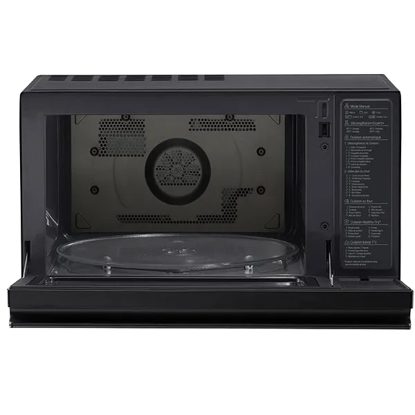 Tipo: Convecção InfravermelhosCapacidade (L): 39Cor exterior: PretoDesign porta: SmogAbertura da porta: Puxar para baixoBase do prato giratório: HexagonalDiâmetro do prato giratório (mm): 360Painel de Controlo: Por Toque e Botão RotativoDisplay: LED BrancoTipo de Resistência Carvão + QuartzoOutput (M/W): 1100Micro-ondas (W): 1350Grill (W): 950Convencção (W): 1850Alimentação Elétrica (V/Hz): 230/50Dimensões:– Interior (LxAxP): 395 x 262 x 378mm– Exterior (LxAxP): 540 x 325 x 523mmPeso: 16.4kgFunções: Relógio, Definição de hora, Bloqueio crianças, Início Rápido, Mais/MenosFunção Cozinhas/Descongelar:– Cozinhar & Descongelar: 8– Assados & Doces: 8– Menu Popular: 8– Cozedura lenta: 4– Descongelar com Inverter: 4– Fritar Saudável: 8Acessórios: Bandeja Crocante
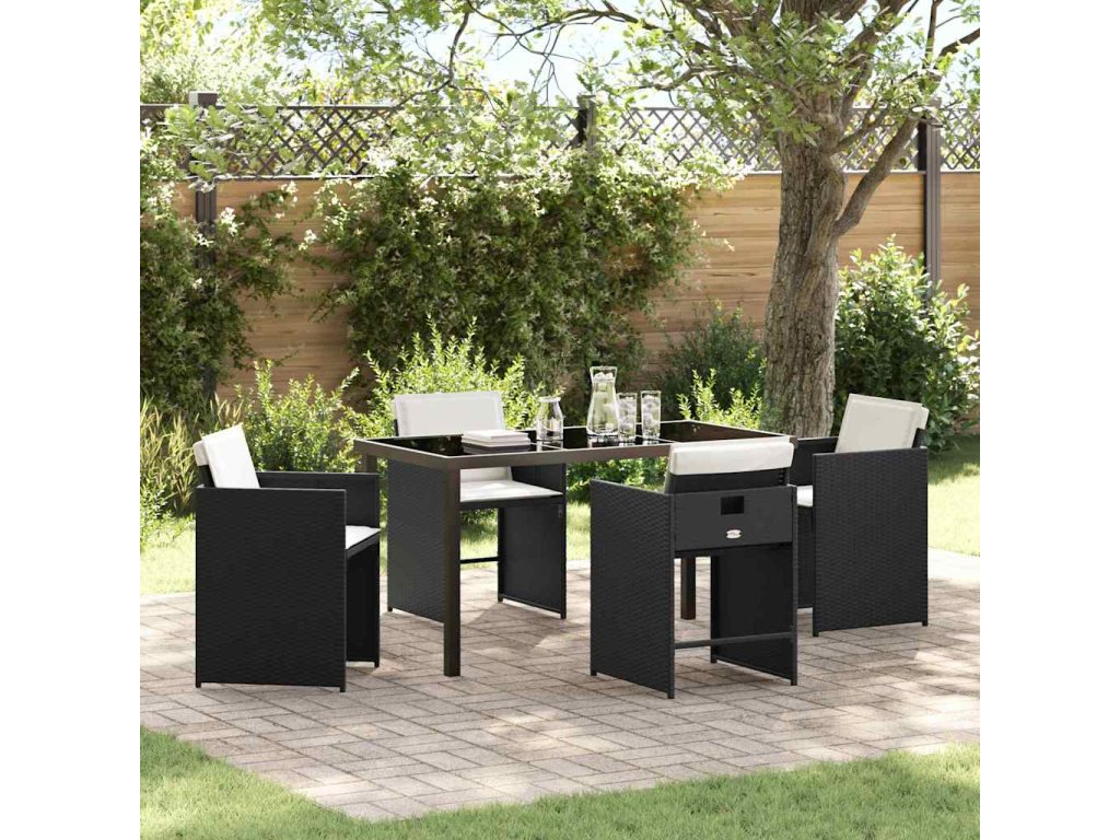 Záhradný jedálenský set s vankúšom 5 pcs Čierna polyratan 3379973
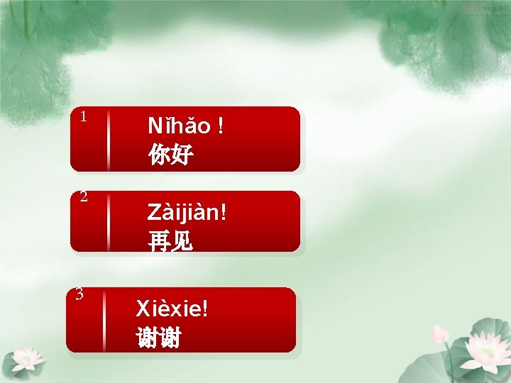 WELCOME TO THE CHINESE LANUGUAGE CLASS ! Huān yín lái dào 欢 迎 来 到 Zhōngwén kètáng! 中文 课堂 !

What to do → Each line above gets copied exactly; leave the pictures out.

Final answer →
 Tipo: Convecção InfravermelhosCapacidade (L): 39Cor exterior: PretoDesign porta: SmogAbertura da porta: Puxar para baixoBase do prato giratório: HexagonalDiâmetro do prato giratório (mm): 360Painel de Controlo: Por Toque e Botão RotativoDisplay: LED BrancoTipo de Resistência Carvão + QuartzoOutput (M/W): 1100Micro-ondas (W): 1350Grill (W): 950Convencção (W): 1850Alimentação Elétrica (V/Hz): 230/50Dimensões:– Interior (LxAxP): 395 x 262 x 378mm– Exterior (LxAxP): 540 x 325 x 523mmPeso: 16.4kgFunções: Relógio, Definição de hora, Bloqueio crianças, Início Rápido, Mais/MenosFunção Cozinhas/Descongelar:– Cozinhar & Descongelar: 8– Assados & Doces: 8– Menu Popular: 8– Cozedura lenta: 4– Descongelar com Inverter: 4– Fritar Saudável: 8Acessórios: Bandeja Crocante
 Záhradný jedálenský set s vankúšom 5 pcs Čierna polyratan 3379973
 WELCOME TO THE CHINESE LANUGUAGE CLASS ! Huān yín lái dào 欢 迎 来 到 Zhōngwén kètáng! 中文 课堂 !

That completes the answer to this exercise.